> [GOAL OF THE EXERCISE] With pictures excluded, copy word for word the lines in the data below from the line containing "Modul C-IR-0203S je" through the line containing "Bruli Blue w/".
+++ SOURCE INFORMATION +++
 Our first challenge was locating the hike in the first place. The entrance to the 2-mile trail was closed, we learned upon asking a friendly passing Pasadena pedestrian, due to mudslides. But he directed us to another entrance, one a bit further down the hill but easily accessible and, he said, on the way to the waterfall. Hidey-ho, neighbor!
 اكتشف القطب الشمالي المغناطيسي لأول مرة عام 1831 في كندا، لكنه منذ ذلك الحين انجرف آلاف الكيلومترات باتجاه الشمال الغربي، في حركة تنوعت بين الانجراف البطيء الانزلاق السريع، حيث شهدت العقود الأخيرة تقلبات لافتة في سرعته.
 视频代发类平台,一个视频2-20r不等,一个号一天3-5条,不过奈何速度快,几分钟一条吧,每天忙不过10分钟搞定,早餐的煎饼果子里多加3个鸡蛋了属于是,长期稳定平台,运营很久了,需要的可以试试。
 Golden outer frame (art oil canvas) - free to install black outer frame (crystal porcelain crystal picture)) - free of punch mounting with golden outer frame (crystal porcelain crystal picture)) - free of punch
+++
+++ SOURCE INFORMATION +++
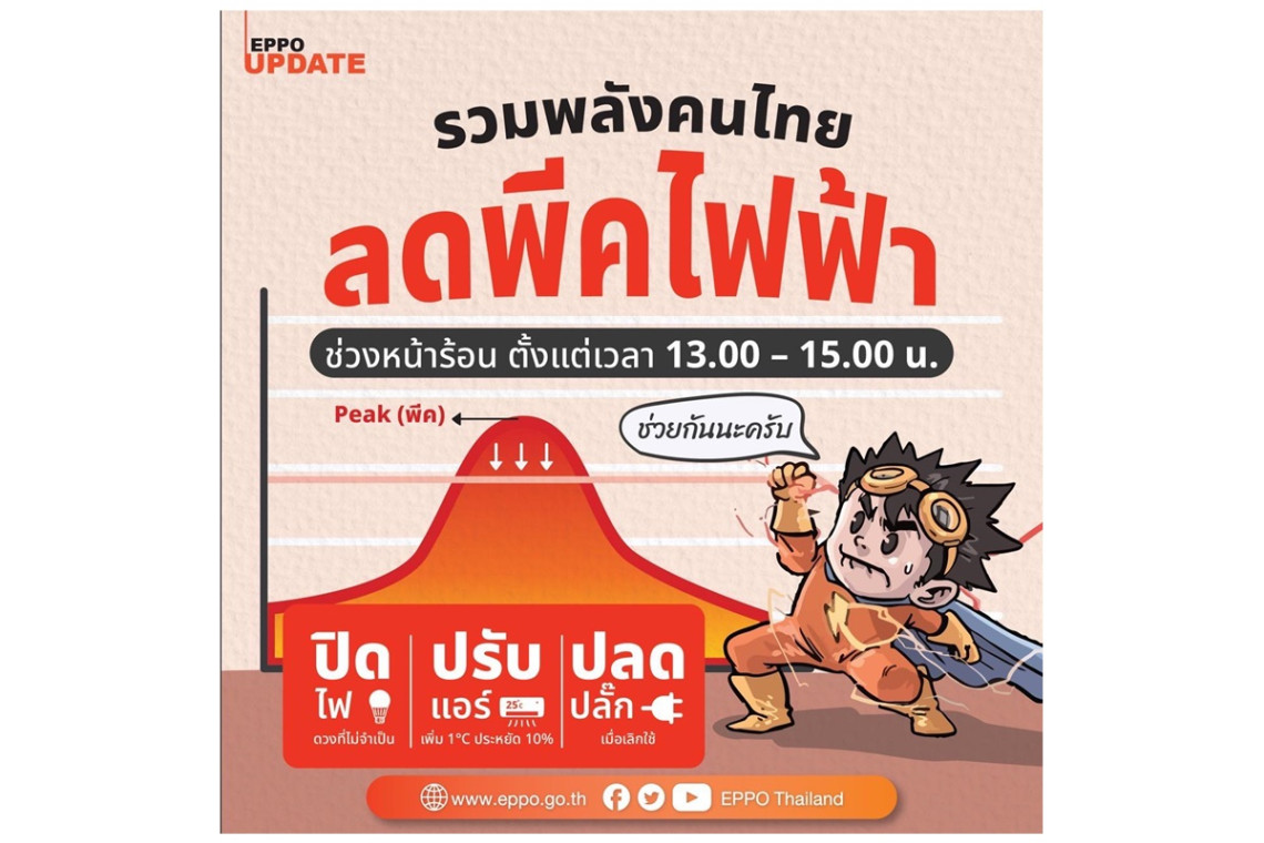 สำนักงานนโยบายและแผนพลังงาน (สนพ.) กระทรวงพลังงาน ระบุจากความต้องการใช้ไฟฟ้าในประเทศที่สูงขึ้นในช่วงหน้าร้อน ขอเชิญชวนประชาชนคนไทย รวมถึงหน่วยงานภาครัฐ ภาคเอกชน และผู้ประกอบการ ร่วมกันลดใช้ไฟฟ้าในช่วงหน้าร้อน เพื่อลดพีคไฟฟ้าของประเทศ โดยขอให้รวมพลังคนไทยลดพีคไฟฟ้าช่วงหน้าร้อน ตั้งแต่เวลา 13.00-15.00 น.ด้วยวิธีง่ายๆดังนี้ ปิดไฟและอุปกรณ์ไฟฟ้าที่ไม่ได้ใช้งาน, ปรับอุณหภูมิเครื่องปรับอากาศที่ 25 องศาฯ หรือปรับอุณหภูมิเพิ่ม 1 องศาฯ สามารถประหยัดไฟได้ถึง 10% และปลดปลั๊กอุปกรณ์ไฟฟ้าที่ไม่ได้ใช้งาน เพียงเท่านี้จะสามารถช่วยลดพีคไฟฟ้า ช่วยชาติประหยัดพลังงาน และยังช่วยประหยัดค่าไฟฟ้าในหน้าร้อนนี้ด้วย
+++
+++ SOURCE INFORMATION +++
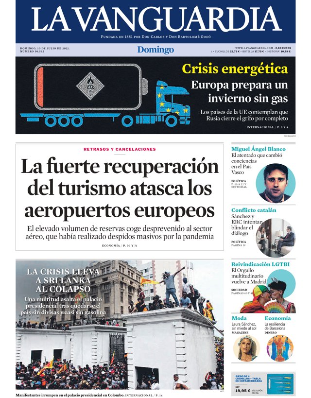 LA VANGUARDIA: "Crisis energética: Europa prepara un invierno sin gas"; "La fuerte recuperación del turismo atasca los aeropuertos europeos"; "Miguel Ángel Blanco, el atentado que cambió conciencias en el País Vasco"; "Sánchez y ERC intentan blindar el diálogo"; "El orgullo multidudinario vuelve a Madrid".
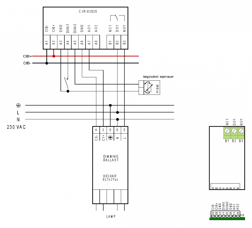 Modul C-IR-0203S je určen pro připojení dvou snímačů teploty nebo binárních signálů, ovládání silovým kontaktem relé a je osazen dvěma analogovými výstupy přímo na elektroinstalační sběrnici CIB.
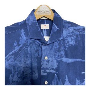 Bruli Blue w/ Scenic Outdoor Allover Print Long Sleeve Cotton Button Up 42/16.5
+++
> [WRITTEN SOLUTION]
 Modul C-IR-0203S je určen pro připojení dvou snímačů teploty nebo binárních signálů, ovládání silovým kontaktem relé a je osazen dvěma analogovými výstupy přímo na elektroinstalační sběrnici CIB.
 Bruli Blue w/ Scenic Outdoor Allover Print Long Sleeve Cotton Button Up 42/16.5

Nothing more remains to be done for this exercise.